• _Instructions to follow_
The entries must be set down again word for word; no pictures belong in the copy.
※ ※ ※
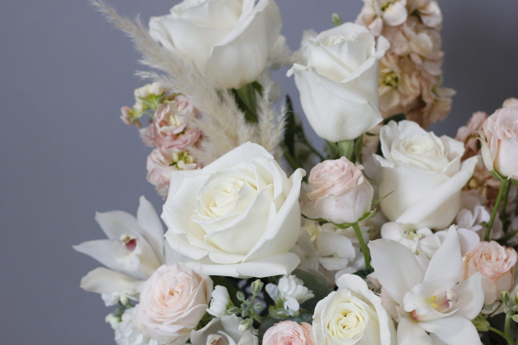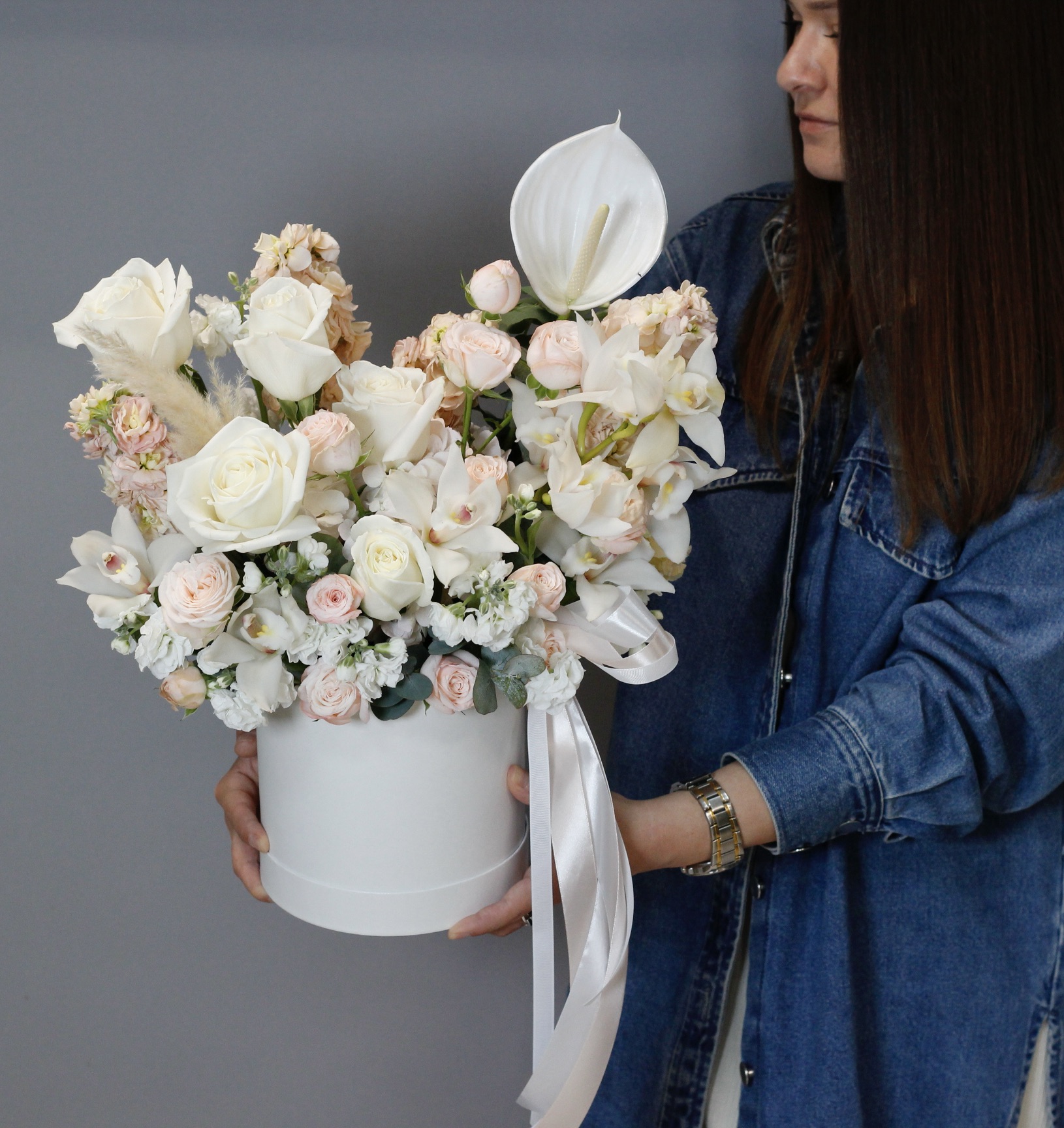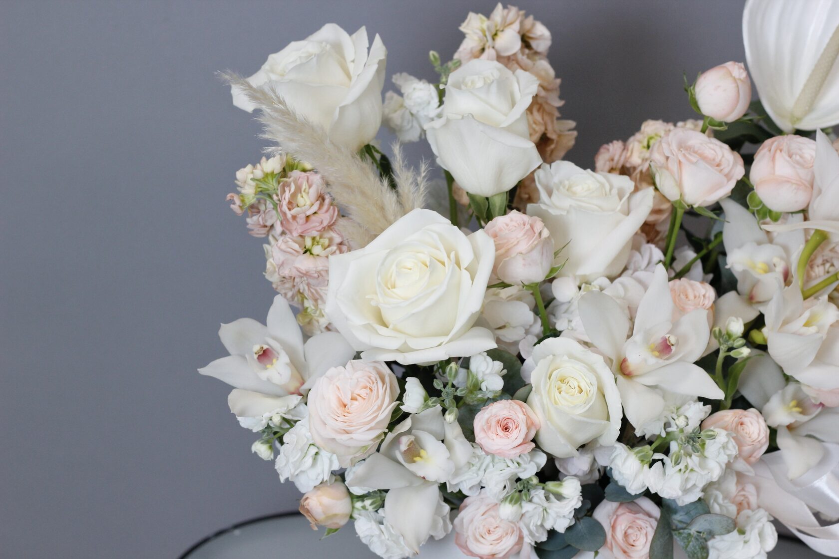 В составе: маттиола, пионовидные розы, орхидеи, гортензия, антуриум, зелень эвкалипта.
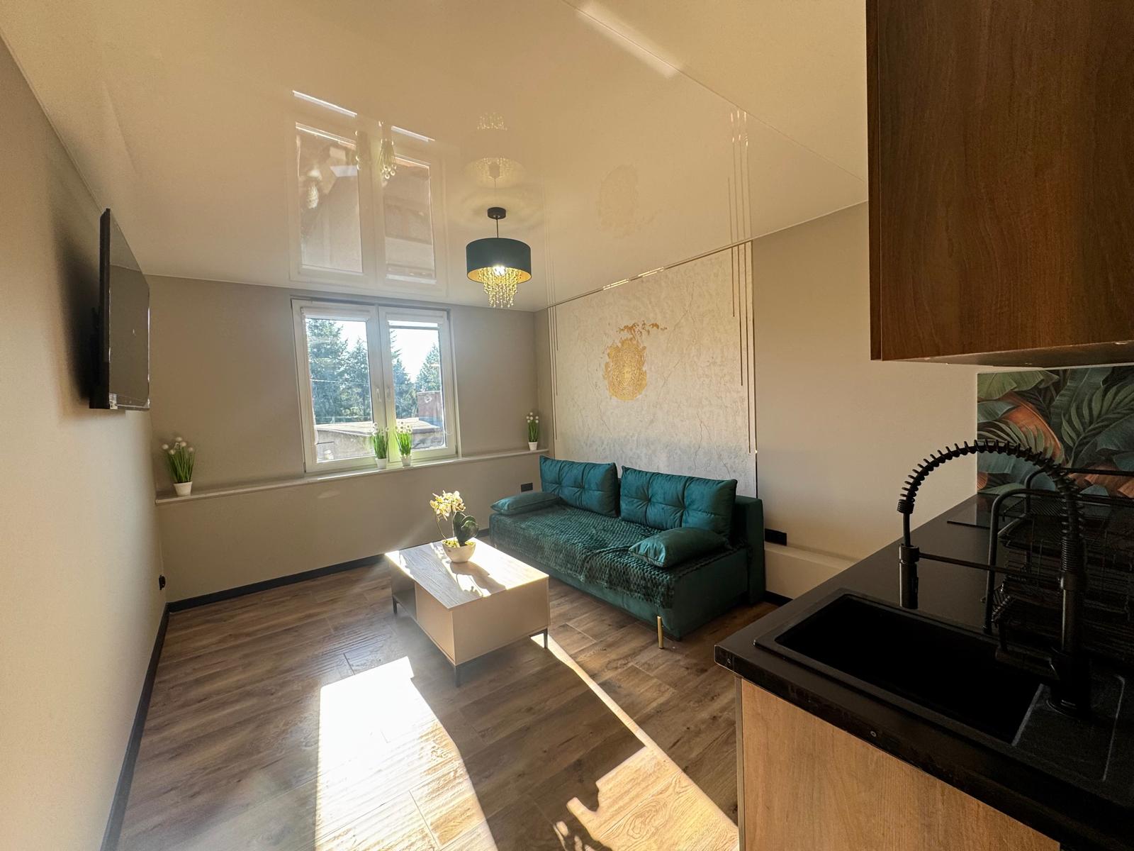 W tym projekcie wykonaliśmy pełną modernizację pokoju dziennego z aneksem kuchennym. Prace objęły:
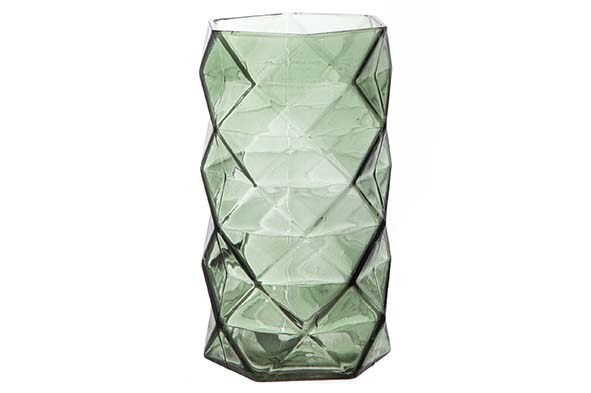 T-lichth geometrische groen 8X8X11cm glas, 12 stuks per doos
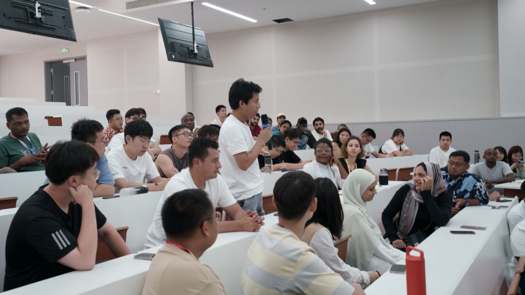 9月3日,2024级国际学生开学典礼暨开学第一课在北京学院路校区学术交流厅隆重举行,中心学员们在杭州国际校园同步观看直播。北航国际合作部部长、区域中心执行主任翁敬农为新生们讲授了“开学第一课”,介绍了北航在人才、教育、科研、国际合作方面取得的辉煌成就,并鼓励新生们在校期间勤奋学习、全面发展。
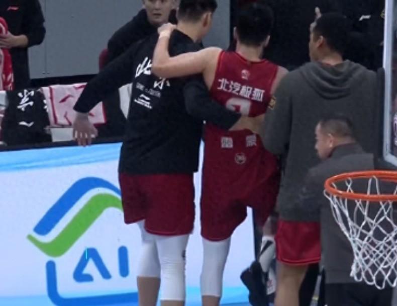 在比賽第三節裏,北京男籃球員雷蒙在無對抗情況下受傷,隨後被隊友扶下場。
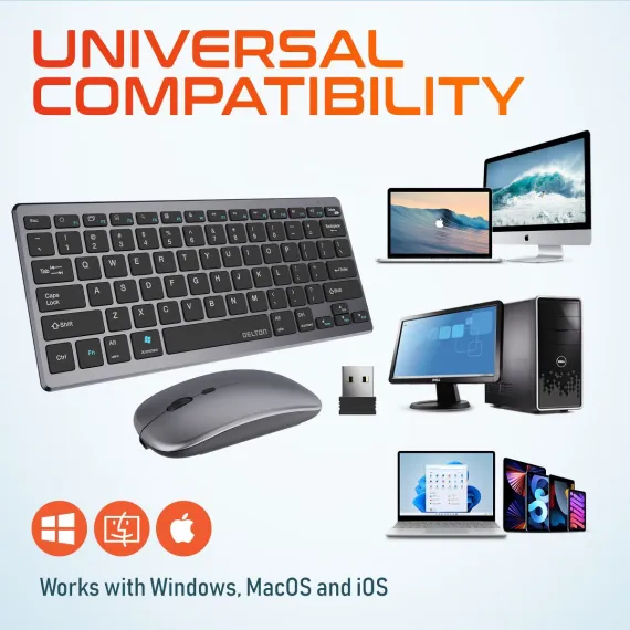 Streamline your workflow with outstanding versatility and comfort using this compact wireless keyboard and mouse combo from Delton. Compatible with Windows, macOS, iOS, Linux, Android and more, the combo offers Bluetooth and 2.4GHz auto-pair USB dongle options for steadfast wireless connectivity. Navigate with ease using the 12 multimedia function keys, and enjoy the liberty of a 30' range. This slim wireless keyboard and mouse combo brings instant wake-up activation and a handy battery life indicator, ensuring you're always prepared for work, play, and everything in between without ever missing a beat. Featuring a slim and compact design, this small wireless keyboard and mouse combo is great for small desks, offices and homes, enhancing modern spaces efficiently.
※ ※ ※
• _Task output_
 В составе: маттиола, пионовидные розы, орхидеи, гортензия, антуриум, зелень эвкалипта.
 W tym projekcie wykonaliśmy pełną modernizację pokoju dziennego z aneksem kuchennym. Prace objęły:
 T-lichth geometrische groen 8X8X11cm glas, 12 stuks per doos
 9月3日,2024级国际学生开学典礼暨开学第一课在北京学院路校区学术交流厅隆重举行,中心学员们在杭州国际校园同步观看直播。北航国际合作部部长、区域中心执行主任翁敬农为新生们讲授了“开学第一课”,介绍了北航在人才、教育、科研、国际合作方面取得的辉煌成就,并鼓励新生们在校期间勤奋学习、全面发展。
 在比賽第三節裏,北京男籃球員雷蒙在無對抗情況下受傷,隨後被隊友扶下場。
 Streamline your workflow with outstanding versatility and comfort using this compact wireless keyboard and mouse combo from Delton. Compatible with Windows, macOS, iOS, Linux, Android and more, the combo offers Bluetooth and 2.4GHz auto-pair USB dongle options for steadfast wireless connectivity. Navigate with ease using the 12 multimedia function keys, and enjoy the liberty of a 30' range. This slim wireless keyboard and mouse combo brings instant wake-up activation and a handy battery life indicator, ensuring you're always prepared for work, play, and everything in between without ever missing a beat. Featuring a slim and compact design, this small wireless keyboard and mouse combo is great for small desks, offices and homes, enhancing modern spaces efficiently.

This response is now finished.